Women's championship results

| Year | Coach | Place | Points |
| 2023 | Mike Smith | 2nd | 124 |
| 2022 | 6th | 257 |
| 2021 | 23rd | 532 |
| 2020 | 11th | 318 |
| 2019 | 14th | 406 |
| 2008 | Eric Heins | 23rd | 536 |
| 2007 | 7th | 357 |
| 2005 | John Hayes | 12th | 388 |
| 2003 | Ron Mann | 15th | 407 |
| 2002 | 10th | 333 |
| 2001 | 12th | 367 |
| 1999 | 11th | 381 |
| 1998 | 17th | 423 |
| 1996 | 10th | 261 |
| 1992 | 9th | 267 |
| 1991 | 3rd | 184 |
| 1990 | 14th | 317 |
| 1989 | 13th | 293 |
| 1988 | 14th | 291 |
| 1987 | 11th | 226 |

== Rivals ==
When Mike Smith became head coach in 2016, NAU became a national cross country powerhouse, developing a rivalry with the other nationally ranked leader, the BYU Cougars.

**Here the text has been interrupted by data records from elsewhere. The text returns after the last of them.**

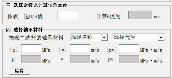 4、对宽径比计算轴承宽度进行设置,可以按表一选B/d、计算B值为mm
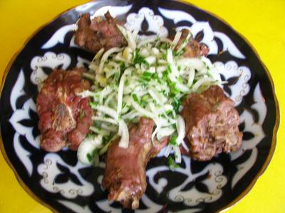 На плиту ставим каскан («мантышницу»), то есть, пароварку и, пока вода закипает, промываем тщательно куски, после чего, хорошенько перетираем их солью, черным молотым перцем и зирой. Оставляем их на некоторое время (30 мин.) в миске, давая возможность замариноваться.
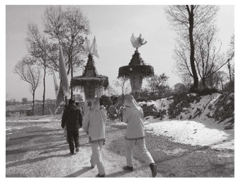 元宵节一大早,村里的社火队便来到土地庙前,祭祀庙里诸神。
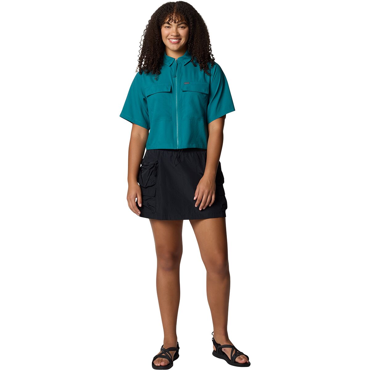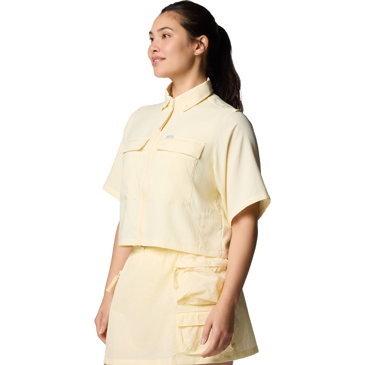 • Cropped zip-up shirt for adventures in style
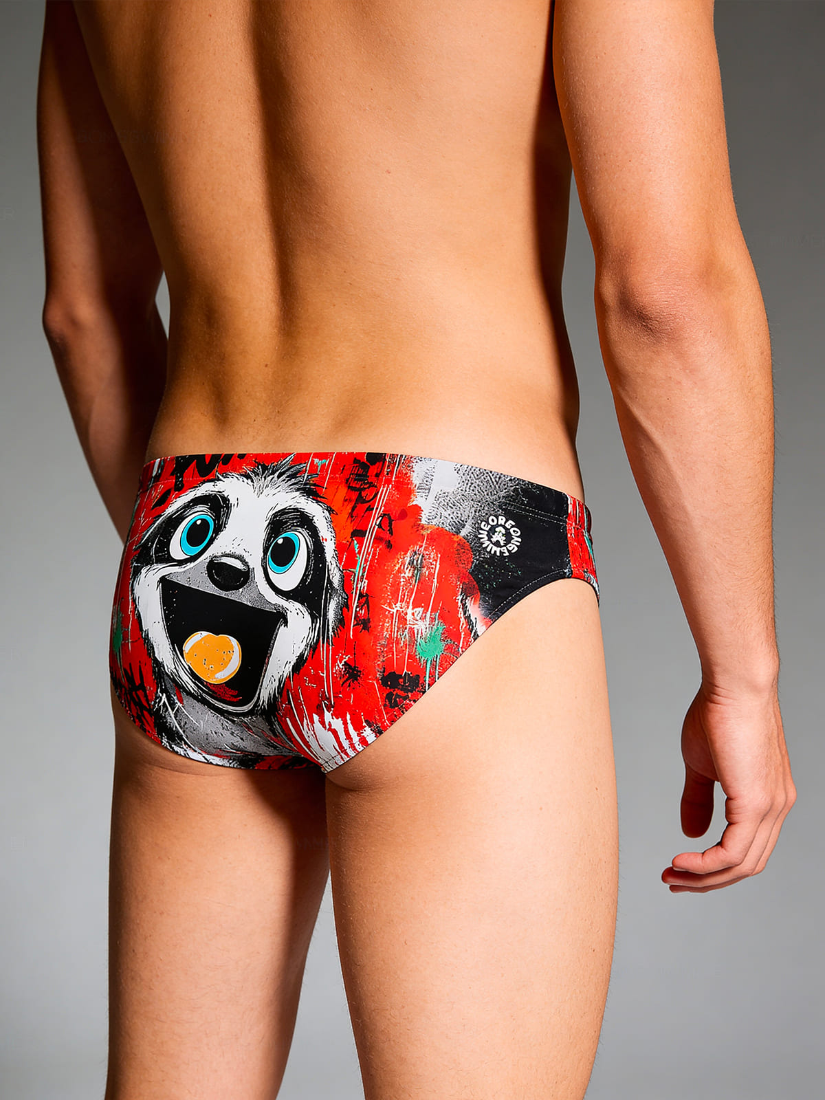 Training brief swimsuit, H2otto model. “Bradipo” print: a tender smiling sloth, bold red background and black graffiti.
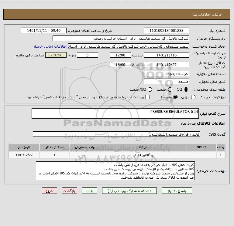 شرح کلی نیاز: PRESSURE REGULATOR 6 IN
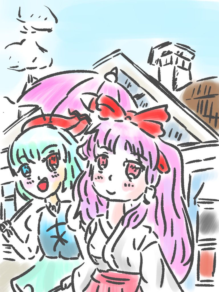 2枚目は小傘ちゃんとしらとりの郷羽曳野! また現地(しらとりの郷)の駐車場で描いたよー!
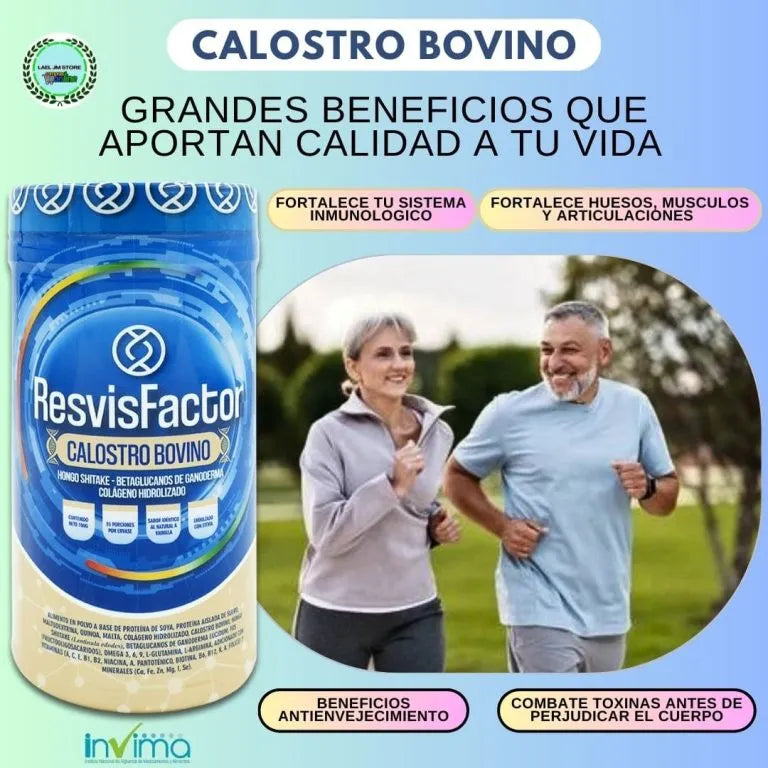 El calostro es un alimento en polvo que fortalece y regula el sistema inmunológico, aportando beneficios de antienvejecimiento, ofrece protección contra invasiones de bacterias, virus, hongos y otros organismos causantes de enfermedades.
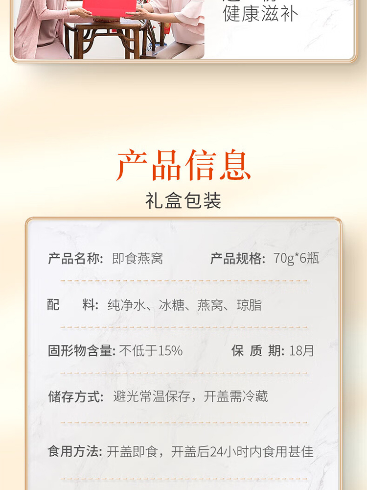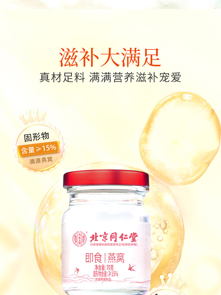商品名称:北京同仁堂燕窝即食燕窝70g*6瓶/盒 礼盒装孕妇冰糖燕窝礼盒营养品 送长辈礼物0脂肪
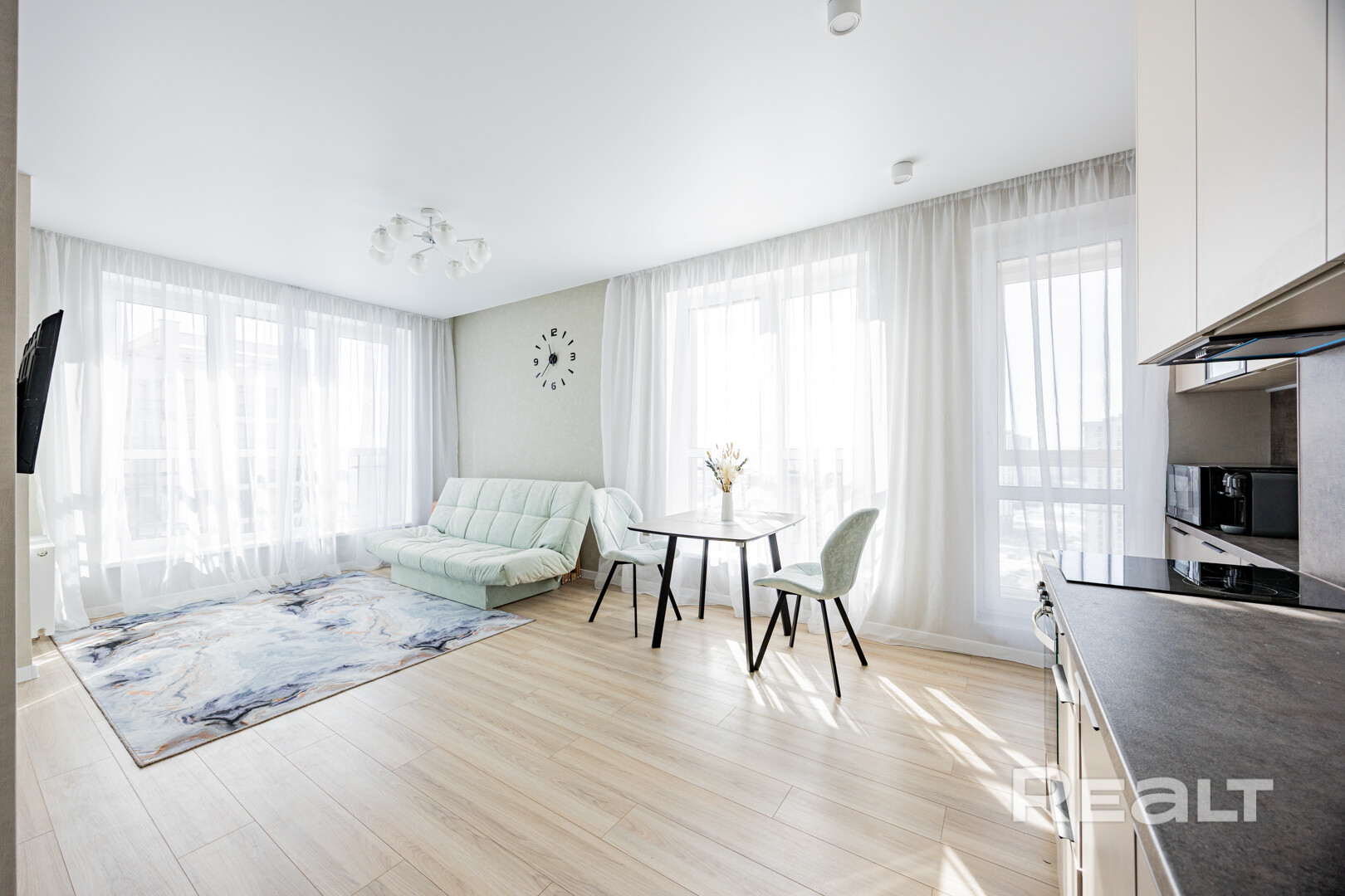 Это монолитно-каркасное здание 2024 года постройки, благодаря высокому этажу открывается захватывающий вид на весь Минск, за чашечкой кофе, чая или бокалом вина вы получаете эксклюзивный декор через панорамные окна — огни ночного Минска, имеющееся мебель и кухонная техника обеспечит комфорт и уют.

NAU defeated BYU in the 2018 Championship, and the following year BYU defeated NAU in the 2019 Championship. The rivalry has been considered as "the best in a long time" and "the greatest in NCAA cross country history."

== Media ==
The team was exclusively featured in the FloTrack documentary The Program: Northern Arizona, which followed them in their championship 2016 season. The team was featured in the five-part docuseries NAU: Running With The Boys, which followed them throughout their 2019 season.

In 2023, former NAU runner Matt Baxter published Running Up the Mountain. The book chronicles the start of the Lumberjacks men's cross country dynasty as well as the team's connection to the Flagstaff community.